◆ Requirement
In the data below, reproduce everything exactly except the images.

── Information supplied ──

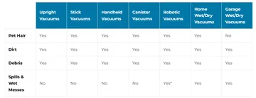 Like the table, you can reference this table to determine which vacuums work best for the types of messes you expect to encounter in your home.
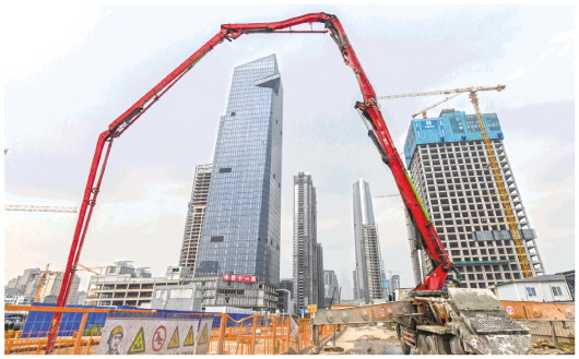 3月16日,大型机械在武汉市武昌滨江核心区地下空间环路工程工地施工。
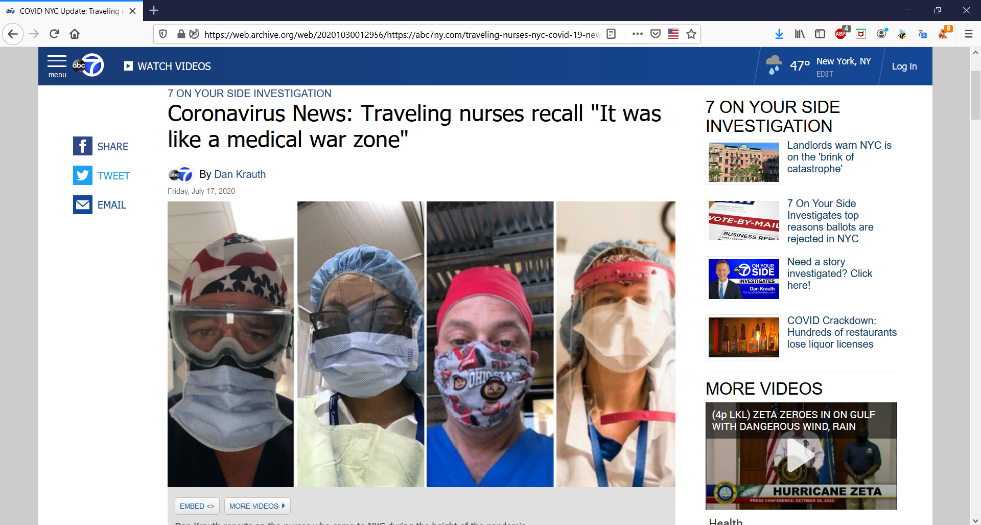 This article shows what things are like on the front lines during a pandemic. In the article a nurse states that they literally had to choose who was going to live, and who was going to die. They had to wear the same PPE for days at a time; even when there were feces and blood on them. There is a lot of information about what life has been like for nurses on the frontline and I think that needs to be heard.

───

◆ Solution
 Like the table, you can reference this table to determine which vacuums work best for the types of messes you expect to encounter in your home.
 3月16日,大型机械在武汉市武昌滨江核心区地下空间环路工程工地施工。
 This article shows what things are like on the front lines during a pandemic. In the article a nurse states that they literally had to choose who was going to live, and who was going to die. They had to wear the same PPE for days at a time; even when there were feces and blood on them. There is a lot of information about what life has been like for nurses on the frontline and I think that needs to be heard.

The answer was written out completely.